Here, Plaintiff wrongly sought the issuance of summons directed at C.T. Corporation System as opposed to the actual Defendant (Chex Systems, Inc.). This led to a significant delay in the issuance of summons. The record indicates that Plaintiff then attempted service within two months of receipt of the properly issued summons and within four months of the filing of the complaint. Plaintiff has demonstrated his intent to proceed with this lawsuit. An exercise of discretion allowing additional time to serve is appropriate under these circumstances. See Henderson v. United States, 517 U.S. 654, 662 (1996) (under 1993 amendments to Rule 4 of the Federal Rules of Civil Procedure, courts have been accorded discretion to enlarge the 120-day period even if there is no good cause shown).
Plaintiff acknowledges in his opposition that he incorrectly attempted service by certified mail. To be clear, the Fifth Circuit has specified that “the use of certified mail is not sufficient to constitute ‘delivering' under Rule 4.” Jones v. Louisiana State Bd. of Priv. Sec. Examiners, No. 22-258, 2023 WL 7026929, at *3 (M.D. La. Oct. 25, 2023) (quoting Gilliam v. County of Tarrant, 4 Fed.Appx. 230 (5th Cir. 2004)); see also Factor King, LLC, 2016 WL 723016, at *2 (“Federal Express shipment does not comply with the personal service requirements under Louisiana law or Rule 4(h)(1), which do not permit service by mail.”); Wesenberg v. New Orleans Airport Motel Associates TRS, LLC, No. 14-1632, 2015 WL 5599012, at *2 (E.D. La. Sept. 22, 2015) (“Rule 4(h)(1)(B)'s delivery requirement refers to personal service, not service by mail.”); Bass v. Aeneas Williams Dealership, No. 05-1715, 200G WL 2038021, at *1 (W.D. La. May 31, 2006) (finding that serving a registered agent by certified mail was ineffective because it did not comply with the personal service requirements of Louisiana law or Rule 4(h)(1)); Pellerin-MaVzeld v. Goodwill Indus., No. 03-3774, 2003 WL 21474649, at *1 (E.D. La. June 20, 2003) (same).
Furthermore, service was improper because Plaintiff cannot serve process on Defendant because he is a party to this action. Rule 4(c) provides that “[a]ny person who is at least 18 years old and not a party may serve a summons and complaint.” Fed.R.Civ.P. 4(c)(2). Accordingly, a “plaintiff-even one representing himself-cannot serve a summons and complaint.” Davis v. United States Dep't of the TreasurV, No. 18-1041, 2022 WL 1311482, at *3 n.24 (M.D. La. Feb. 28, 2022), report and recommendation adopted, 2022 WL 1311474 (M.D. La. Mar. 15, 2022) (citing Fed.R.Civ.P. 4(c)(2)). This rule extends to attempted service by a plaintiff by certified mail under state law. Shabazz v. CitVof Houston, 515 Fed. App'x 263 (5th Cir. 2013).

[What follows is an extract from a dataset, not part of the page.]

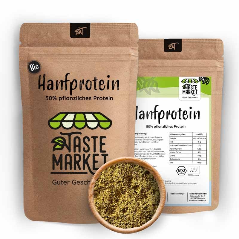 Discover our new organic hemp protein powder, which is obtained from the seeds of the hemp plant.Especially if you are enthusiastic about sports and are targeting a few extra proteins, the hemp protein powder from controlled organic cultivation will convince you.Hemp protein is a purely vegetable protein source with 50 protein, which, with its pleasantly nutty taste, makes itself wonderful in your protein shake and as an alternative to other protein powders. For a protein -containing start to the day, the organic hemp protein can be integrated into your breakfast.Mixed in a fruity smoothie, a smoothieowl, in your porridge or in a yogurt and then topped with fruits.With its slightly nutty aroma, you can also use the protein powder wonderfully to bake pancakes, waffles, cakes or cookies.100 g wheat flour corresponds to approx. 80 g of hemp protein, which is also gluten -free.As a snack for in between, the organic hemp protein also makes itself fabulous as an ingredient in protein bars and energy. For a protein shake you simply give 300 ml plant milk with a banana, 15 g from our organic hemp protein powder and a pinch of cinnamon to the mixer and et voilà, you can already taste your shake. Ingredients ingredients Hemp protein powder from controlled organic cultivation Warnings Store cool, dry and protected by light.Can contain traces of gluten, eggs, soy, milk, shell fruits and mustard.The nutritional values, text descriptions, or other representations may differ minimally from the goods actually delivered.This product is sold under food law requirements.We do not check any other applications.These analysis values are subject to the biological fluctuations that are common in natural products. MoreYour order - freshly packed: Immediately after your order, our products in our own manufacturer button are filled with a lot of care.We attach great importance to high quality and hygiene standards.Your goods come out of force paper in the practical resealable bag and will be sent with the DHL.teste Market - your marketplace for good taste!With us you get high -quality products from all over the world - also from controlled organic cultivation.And also: Each of our products is available in many different packaging sizes-from the small trial pack of 100 g, over 1 kg and 5 kg to sack goods, we are the right size for everyone.Do you have any questions about our productsFeel free to contact our customer service.For a protein shake you simply give 300 ml plant milk with a banana, 2 tablespoons of the organic hemp protein powder and a pinch of cinnamon in the mixer and et voilà, you can already taste your protein shake.Mixed in a fruity smoothie, a smoothiewowl, in your porridge or into a yogurt and then topped with fruits.With its slightly nutty aroma, you can also use the protein powder wonderfully to bake pancakes, waffles, cakes or cookies.100 g wheat flour corresponds to approx. 80 g of hemp protein, which is also gluten -free.As a snack for in between, the organic hemp protein also makes itself fabulous as an ingredient in protein bars and energy.5 kg organic hemp protein,Vegetable protein powder,50 protein content vegan,Discover our new organic hemp protein powder, which is obtained from the seeds of the hemp plant.Especially if you are enthusiastic about sports and are targeting a few extra proteins, the hemp protein powder from controlled organic cultivation will convince you.Hemp protein is a purely vegetable protein source that, with its pleasantly nutty taste, is wonderful in your protein shake.Entdecke unser neues BIO Hanfprotein Pulver, welches aus den Samen der Hanfpflanze gewonnen wird. Besonders wenn du sportbegeistert bist und es auf ein paar extra Proteine abgesehen hast, wird dich das Hanfproteinpulver aus kontrolliert biologischem Anbau überzeugen. Hanfprotein ist eine rein pflanzliche Proteinquelle mit 50 Eiweiß, die sich mit ihrem angenehm nussigen Geschmack wunderbar in deinem Proteinshake und als Alternative zu anderen Proteinpulvern macht. Für einen eiweißhaltigen Start in den Tag kann das Bio Hanfprotein hervorragend in dein Frühstück integriert werden. In einem fruchtigen Smoothie, einer Smoothiebowl, in deinem Porridge oder in einen Joghurt gemixt und anschließend mit Früchten getoppt. Mit seinem leicht nussigen Aroma kannst du das Proteinpulver auch wunderbar zum Backen von Pancakes, Waffeln, Kuchen oder Kekse benutzen. Dabei entsprechen 100 g Weizenmehl ca. 80 g Hanfprotein, welches obendrein noch glutenfrei ist. Als Snack für zwischendurch macht sich das Bio Hanfprotein außerdem fabelhaft als Zutat in Proteinriegeln und Energieballs. Für einen Proteinshake gibst du einfach 300 ml Pflanzenmilch mit einer Banane, 15 g von unserem Bio Hanfproteinpulver und eine Prise Zimt in den Mixer und et voilà, schon kannst du dir deinen Shake schmecken lassen. INHALTSSTOFFE ZUTATEN Hanfproteinpulver aus kontrolliert biologischem Anbau WARNHINWEISE Kühl, trocken und lichtgeschützt lagern. Kann Spuren von Gluten, Eiern, Soja, Milch, Schalenfrüchte und Senf enthalten. Die Nährwerte, Textbeschreibungen, oder andere Darstellungen können minimal von der tatsächlich gelieferten Ware abweichen. Dieses Produkt wird unter lebensmittelrechtlichen Anforderungen verkauft. Anderweitige Anwendungen werden von uns nicht geprüft. Diese Analysewerte unterliegen den bei Naturprodukten üblichen biologischen Schwankungen. MehrDeine Bestellung – frisch abgepackt: Direkt nach deiner Bestellung werden unsere Produkte in unserer eigenen Taste Manufaktur mit viel Sorgfalt von Hand abgefüllt. Dabei legen wir großen Wert auf hohe Qualitäts- und Hygienestandards. Deine Ware kommt im praktischen wiederverschließbaren Beutel aus Kraftpapier und wird mit der DHL versendet. TASTE MARKET – Dein Marktplatz für guten Geschmack! Bei uns bekommst du hochwertige Produkte aus aller Welt – auch aus kontrolliert biologischem Anbau. Und außerdem: Jedes unserer Produkte gibt es in vielen verschied

For the foregoing reasons, the claims against Defendant are subject to dismissal, without prejudice, because service was not made in accordance with Rule 4(h) or Rule 4(c). It is appropriate, however, to provide Plaintiff an additional 30 days, pursuant to Rule 4(m), to effectuate service.
III. Conclusion
Based on the foregoing, IT IS RECOMMENDED that Defendant's Motion to Dismiss (R. Doc. 4) be DENIED, without prejudice to refile if Plaintiff fails to properly service process within the time provided below.
IT IS FURTHER RECOMMENDED that the district judge provide Plaintiff with an additional 30 days from the adoption of this Report and Recommendation to serve the summons and complaint on Defendant as required by Rule 4. Plaintiff is on notice that should the district judge adopt this recommendation, failure to properly serve the summons and complaint on Defendant within the timeframe provided above may result in the dismissal of the action without further notice.